El leopardo empujó la cabeza más cerca de ella, acariciándole el muslo con la nariz como si la consolara. Estaba agradecida de que Conner no cambiara a su forma humana. Necesitaba decir esto y era mucho más fácil hablar con el leopardo allí en la oscuridad. Tomó otro aliento y levantó la cara a la lluvia limpiadora. Las gotas eran más lentas, más niebla espesa que lluvia, pero se sentía bien sobre la cara abrasadora.
– Sé que será difícil que lo creas, pero mi padre era un buen hombre. No sé qué sucedió, porqué pensó que necesitaríamos esa clase de dinero manchado de sangre. Hizo bastante dinero como médico. Después de que muriera, lo heredé todo. Repasé sus libros con cuidado.

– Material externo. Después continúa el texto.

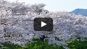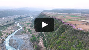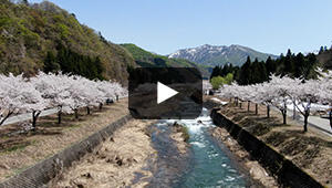 岩原スキー場の下を流れる大源太川。約140本のソメイヨシノが並びます。かつて町民が植樹したという桜は豪雪地に春を告げる名物となっています。
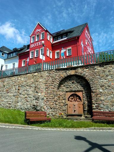 Keywords: altenberg bergmannsbrunnen hotel wall building house facade
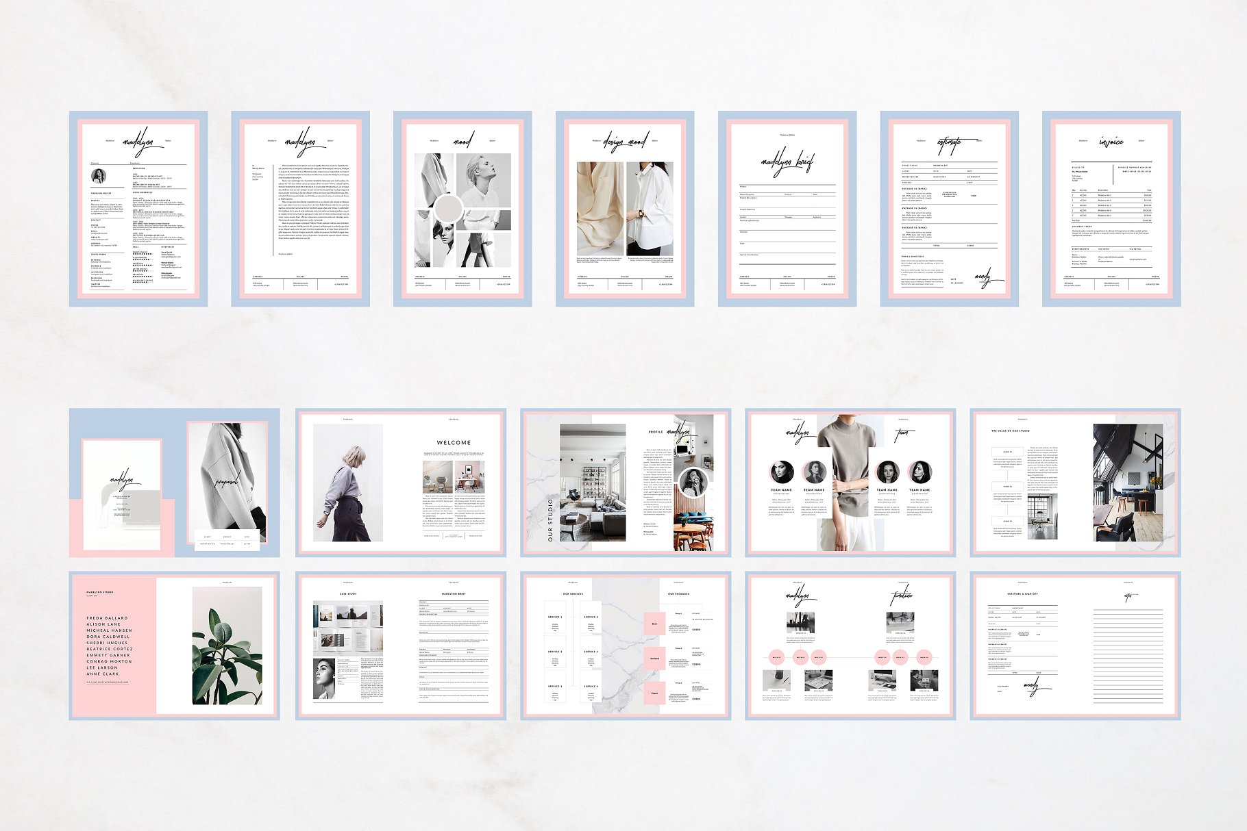 Madelynn Pitch Pack包括使用Adobe Indesign制作的提案和其他模板,以简化与客户的业务往来。这个包有8个模板,具有相同的简洁和极简主义的布局主题。一个20页的设计方案模板和其他7个小饰品有两种尺寸, 标准尺寸A4和美国信件大小的变化和准备打印。

Tropezó con una pequeña rama oculta en lo profundo de las capas de hojas y la vegetación en podredumbre. El felino se movió fluidamente delante de ella, evitando que cayera al suelo. Ella tuvo que agarrar puñados de piel para mantenerse erguida, curvando los dedos en el pellejo. Por un momento enterró la cara en el cuello, frotando la cara mojada en la gruesa piel. Asombraba sentirse tan cómoda con el animal cuando el hombre la volvía loca por dentro. Dio una pequeña risa de auto desaprobación.

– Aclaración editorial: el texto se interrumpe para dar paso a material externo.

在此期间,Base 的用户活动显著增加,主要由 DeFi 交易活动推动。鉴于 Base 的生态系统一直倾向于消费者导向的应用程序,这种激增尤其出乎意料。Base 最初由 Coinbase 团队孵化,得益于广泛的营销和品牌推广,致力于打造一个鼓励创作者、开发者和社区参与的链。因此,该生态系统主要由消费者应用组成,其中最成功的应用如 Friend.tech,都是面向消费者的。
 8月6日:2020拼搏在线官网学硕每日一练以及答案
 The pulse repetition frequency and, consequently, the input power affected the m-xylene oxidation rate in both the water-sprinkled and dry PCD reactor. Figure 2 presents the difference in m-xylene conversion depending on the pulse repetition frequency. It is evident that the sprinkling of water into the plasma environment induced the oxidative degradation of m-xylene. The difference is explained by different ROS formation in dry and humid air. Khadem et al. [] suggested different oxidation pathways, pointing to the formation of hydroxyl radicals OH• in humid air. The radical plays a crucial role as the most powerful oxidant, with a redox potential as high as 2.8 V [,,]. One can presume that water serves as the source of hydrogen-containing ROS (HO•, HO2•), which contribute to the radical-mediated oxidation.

– Quizá deberías permanecer como leopardo.
Sintió que el gran felino se tensaba, los músculos se flexionaron mientras la cabeza subía en alerta. Abrió la boca en un gruñido silencioso, mostrando los dientes, los ojos ardiendo. Ella miró en esa dirección, de vuelta hacia la cabaña. No podía ver ni oír nada en absoluto, pero confiaba en los sentidos del animal y retrocedió detrás de él. Esperaron en silencio y luego Elijah salió de los árboles.

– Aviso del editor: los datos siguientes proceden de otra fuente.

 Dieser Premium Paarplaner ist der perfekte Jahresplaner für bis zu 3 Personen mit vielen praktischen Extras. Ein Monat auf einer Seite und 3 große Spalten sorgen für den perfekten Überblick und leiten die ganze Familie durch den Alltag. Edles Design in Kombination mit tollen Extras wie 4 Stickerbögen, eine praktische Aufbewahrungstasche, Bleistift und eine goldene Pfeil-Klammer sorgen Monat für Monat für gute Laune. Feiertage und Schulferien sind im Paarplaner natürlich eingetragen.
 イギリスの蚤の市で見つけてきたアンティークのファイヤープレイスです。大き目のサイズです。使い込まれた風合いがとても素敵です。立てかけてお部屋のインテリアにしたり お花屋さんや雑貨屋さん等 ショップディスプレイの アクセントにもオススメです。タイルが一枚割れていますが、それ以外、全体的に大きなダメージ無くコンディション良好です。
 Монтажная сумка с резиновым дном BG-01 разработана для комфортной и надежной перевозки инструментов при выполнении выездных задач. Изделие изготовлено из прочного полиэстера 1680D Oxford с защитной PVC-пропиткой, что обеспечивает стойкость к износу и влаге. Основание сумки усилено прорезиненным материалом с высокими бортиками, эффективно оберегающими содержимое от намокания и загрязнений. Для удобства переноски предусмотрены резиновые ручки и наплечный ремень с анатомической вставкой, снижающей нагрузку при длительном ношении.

– Rio me ha enviado -dijo apresuradamente-. Estaba preocupado porque tu mujer se metiera en problemas. -Se paró bruscamente en el momento que vio al leopardo agachado, pero parecía relajado.
Isabeau trató de colocarse por delante. Era guapo. Intrigante incluso. La misma aura peligrosa que rodeaba a Conner le envolvía también y parecía vagamente familiar. Un hombre como Elijah era dificil de olvidar, pero no recordaba a nadie más que hubiera asaltado el complejo a donde su padre había ido para advertir a sus amigos. Por lo que ella sabía, este hombre podía ser el que disparó a su padre.
– Estoy bien. Le encontré sin problemas -contestó.
– Ya lo veo. -Elijah le estudió la cara-. Yo no le disparé, a tu padre, quiero decir. No le disparé.
Ella tragó con fuerza, pero no mordió el anzuelo.
– Eso es lo que te preguntabas. Lo habría hecho sin vacilación -admitió honestamente-, para salvar la vida de Conner, pero no fui el primero en entrar. Me pregunto qué hacías allí.
Ella se quedó rígida Nadie había pensado en hacerle esa pregunta. Ni una persona. Ni siquiera Conner antes de que le arañara la cara. Ella había estado tan conmocionada, tan traumatizada, pero aún entonces, había esperado la pregunta, preguntándose cómo la contestaría. Ahora, aquí en la selva con la niebla cubriéndola y un leopardo apretándose contra las piernas, lo supo.
– Estaba preocupada por la manera en que mi padre había estado comportándose. No era racional. Sabía que estaba trastornado, pero se había vuelto reservado y… -Las palabras se desvanecieron, dándose cuenta de lo que le había enviado a seguirle. Había olido sus mentiras. El recuerdo la atravesó rápidamente, el estómago reaccionó, revolviéndose con la bilis, como había hecho cuando siguió a su padre por las calles de la ciudad y luego por el sendero del río, más y más profundo a la selva tropical de Borneo. El corazón se le había hundido en el pecho y había sabido que no estaba yendo a una urgencia médica.